I have written a webapp in Django that I host under Apache 2.4 using mod_wsgi.
At first glance, it works fine. However, when the Apache process has been running for a while, the webapp starts responding with 503 errors. You can get through sometimes after F5'ing a lot.

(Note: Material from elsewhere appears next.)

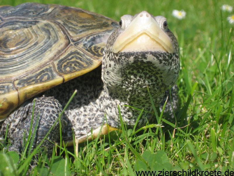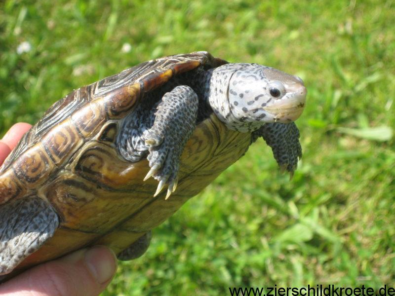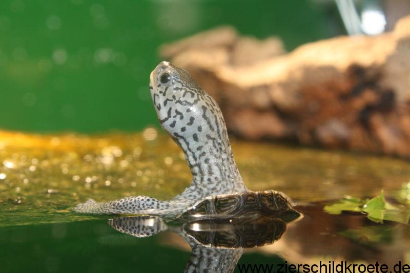 In der Unterfamilie der Schmuckschildkröten-Artigen Deirochelyinae sind die Diamantschildkröten ganz besondere Tiere. Als erstes fällt auf dass alle anderen Schmuckschildkröten-Artigen (Chrysemys picta, Pseudemys-Arten, Trachemys-Arten, Deirochelys reticularia, Graptemys-Arten) mehr oder weniger gleich aussehen, ihre Haut hat gelbe Streifen auf braun-olivem Grund. Ganz anders die Diamantschildkröten, sie haben eine graue Haut mit schwarzen Punkten. Manch einer wird sich natürlich fragen was an grau-schwarz gepunktet schöner sein soll als an gelb-oliv gestreift. Ich gebe zu, das ist natürlich Geschmackssache.

The annoying thing is that I dont have anything related to this in my Apache error.log at all, so I don't know where to start debugging this. My only lead is the error displayed in the browser: 503 Service Unavailable
.
Other websites (PHP) are not affected. Restarting the Apache server reliably resolves the issue immediately.
My Apache config for this webapp:
WSGIDaemonProcess app python-path=/opt/app home=/opt/app
WSGIProcessGroup app
WSGIScriptAlias /app /opt/app/wsgi.py
I have found this but I don't think that's the problem because the sockets are already placed in /var/run/apache2/
in my case (not the "apache log directory"). This directory is readable to others. The sockets themselves have mode 700
, but have the correct owner (www-data
).
Any ideas?
EDIT:
I noticed that when the problem occurs and I restart Apache to fix it, Apache takes quite long to exit. In the error log I found these messages:
[Sun Jun 25 14:14:18.935566 2017] [core:warn] [pid 374:tid 140587055682752] AH00045: child process 21761 still did not exit, sending a SIGTERM
[Sun Jun 25 14:14:18.935637 2017] [core:warn] [pid 374:tid 140587055682752] AH00045: child process 21812 still did not exit, sending a SIGTERM
[Sun Jun 25 14:14:20.937578 2017] [core:warn] [pid 374:tid 140587055682752] AH00045: child process 21761 still did not exit, sending a SIGTERM
[Sun Jun 25 14:14:20.937640 2017] [core:warn] [pid 374:tid 140587055682752] AH00045: child process 21812 still did not exit, sending a SIGTERM
[Sun Jun 25 14:14:22.939827 2017] [core:warn] [pid 374:tid 140587055682752] AH00045: child process 21761 still did not exit, sending a SIGTERM
[Sun Jun 25 14:14:22.939893 2017] [core:warn] [pid 374:tid 140587055682752] AH00045: child process 21812 still did not exit, sending a SIGTERM
[Sun Jun 25 14:14:24.942034 2017] [core:error] [pid 374:tid 140587055682752] AH00046: child process 21761 still did not exit, sending a SIGKILL
[Sun Jun 25 14:14:24.942176 2017] [core:error] [pid 374:tid 140587055682752] AH00046: child process 21812 still did not exit, sending a SIGKILL
So by the looks of it, the problem might be caused by (WSGI?) threads that are hung? How do I proceed to debug this?